(Beginning of DATA SECTION)

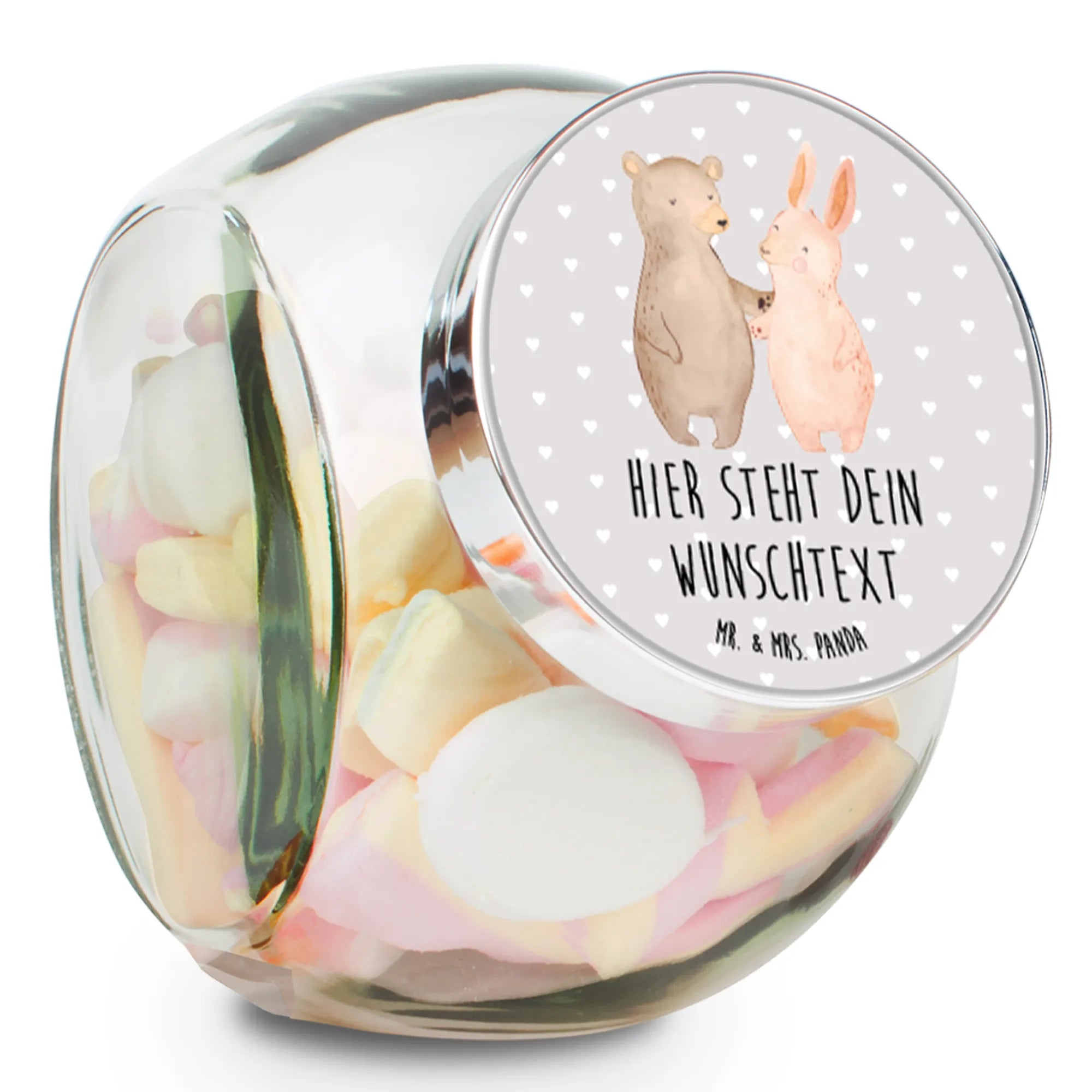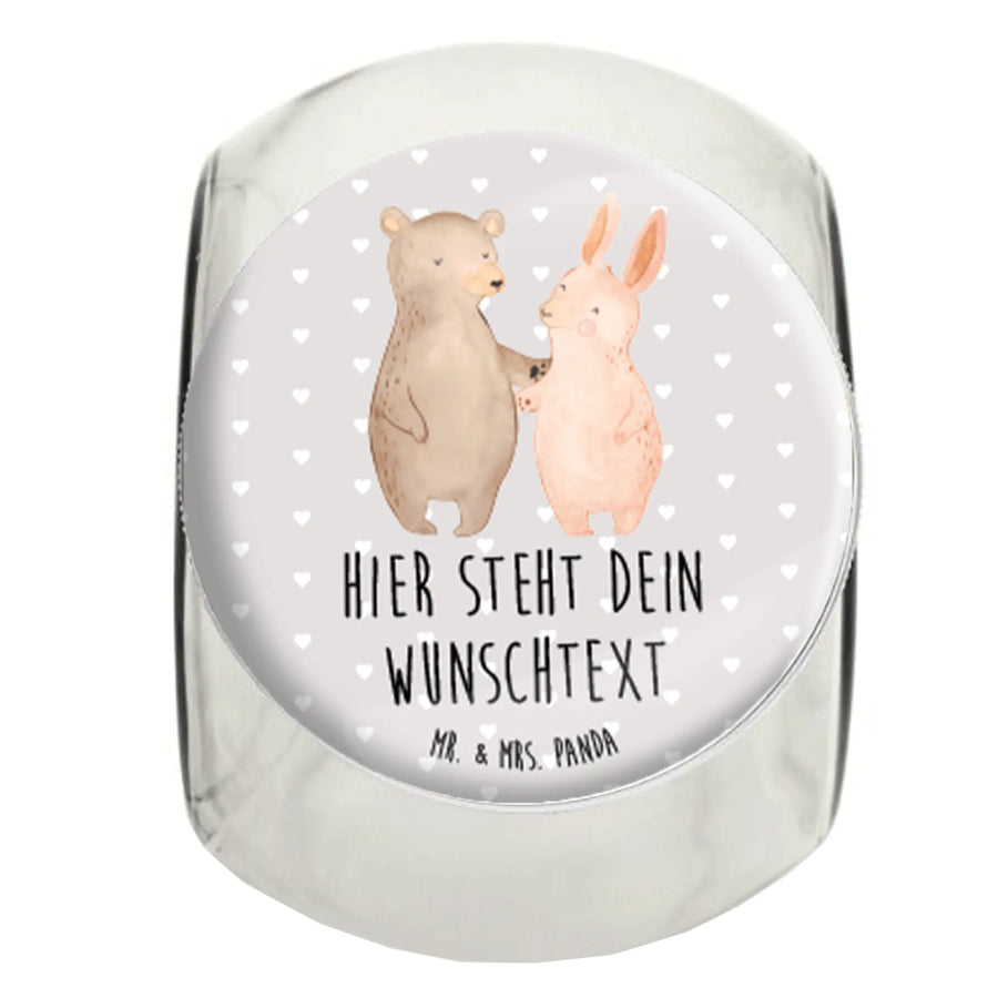 Personalisiertes Bonbonglas Bär und Hase Umarmen - XL 2000ml - Grau Pastell
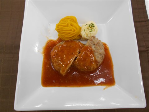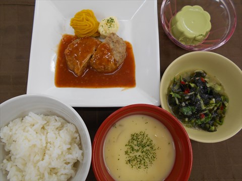 お誕生日献立♪ 9/20は、土湯ユニットのS様と飯坂ユニットのW様の お誕生日でした♪ S様の希望されたメニューは「煮込みハンバーグ」 W様の希望されたメニューは「和風抹茶プリン」でした。 ごはん、わかめサラダ、コーンスープと一緒に 提供しました♪ お誕生日おめでとうございます♪(^^)
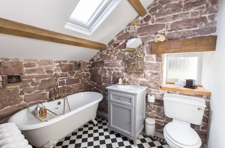Этот стиль уникален, и подойдет для тех домов, где для ванной отвели большое помещение с высоким потолком. Отделка в этом случае минимальная. Если дом бетонный или кирпичный, то можно даже не делать отделку, так как именно эти материалы являются основой для подчеркивания индустриального дизайна. При грамотном проектировании такого интерьера для ванной в загородном доме вы получите стильное помещение с небольшими затратами.
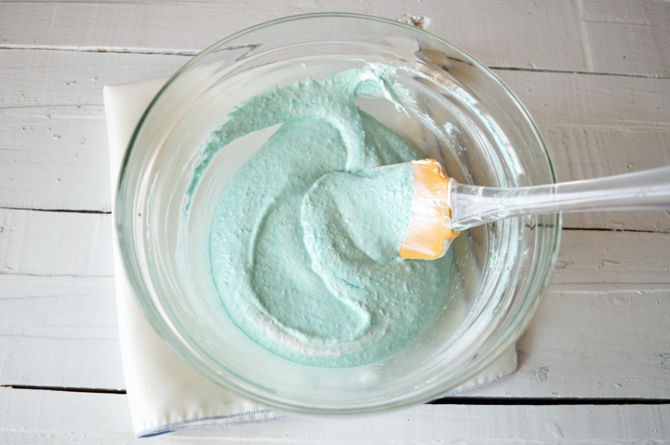 Добавки для фарбування включаються до складу збитих щільних білків перш борошна. Білки з барвниками помішуйте неквапливими рухами до центру від країв. І тільки в цей час поступово додавайте борошно – це допомагає всім компонентам розподілитися рівномірно.
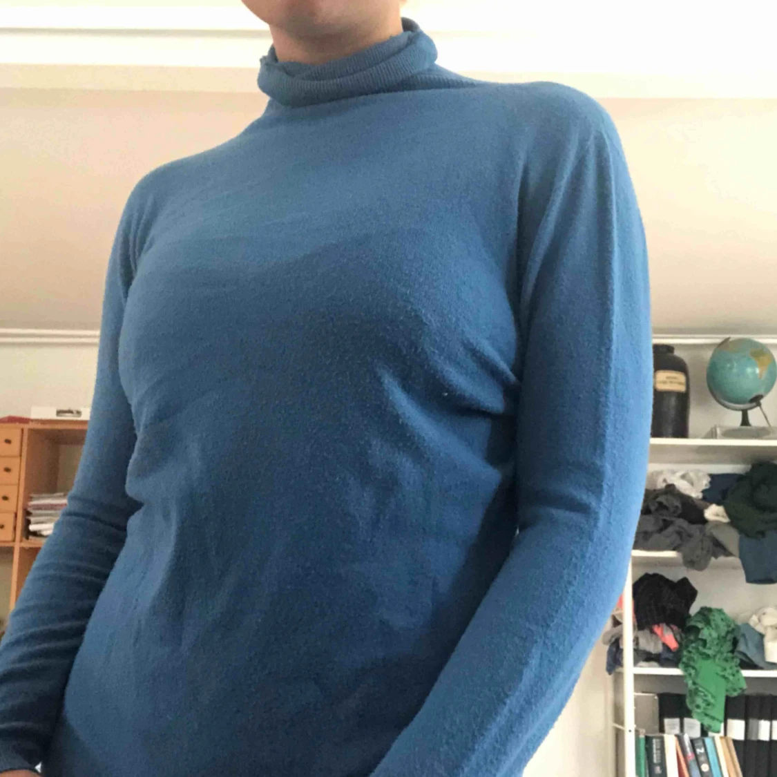 Ljusblå polotröja. Vet inte var den kommer ifrån eller vilken storlek då lappen är borta men den är stetchig så den passar alla mellan XS-M skulle jag säga.
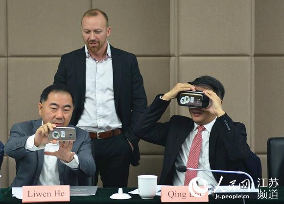 江蘇省產(chǎn)研院執(zhí)行院長劉慶現(xiàn)場體驗(yàn)VR眼鏡。江蘇產(chǎn)研院宣曉慶 攝
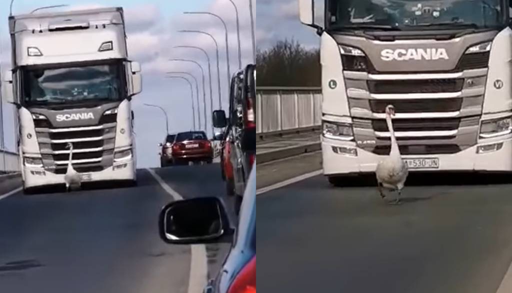 Voznike na Dravskem mostu v Varaždinu je presenetil labod, ki se je odločil počasi in elegantno sprehoditi po mostu. Čeprav je zaustavil promet, so vozniki potrpežljivo čakali, da je labod zapustil cesto.

(End of DATA SECTION)

### TRY IT
Provide the lines again, unchanged, from where the data above begins through the line containing "Этот стиль уникален, и", both ends included, omitting pictures and adding nothing.

### WRITTEN SOLUTION
 Personalisiertes Bonbonglas Bär und Hase Umarmen - XL 2000ml - Grau Pastell
 お誕生日献立♪ 9/20は、土湯ユニットのS様と飯坂ユニットのW様の お誕生日でした♪ S様の希望されたメニューは「煮込みハンバーグ」 W様の希望されたメニューは「和風抹茶プリン」でした。 ごはん、わかめサラダ、コーンスープと一緒に 提供しました♪ お誕生日おめでとうございます♪(^^)
Этот стиль уникален, и подойдет для тех домов, где для ванной отвели большое помещение с высоким потолком. Отделка в этом случае минимальная. Если дом бетонный или кирпичный, то можно даже не делать отделку, так как именно эти материалы являются основой для подчеркивания индустриального дизайна. При грамотном проектировании такого интерьера для ванной в загородном доме вы получите стильное помещение с небольшими затратами.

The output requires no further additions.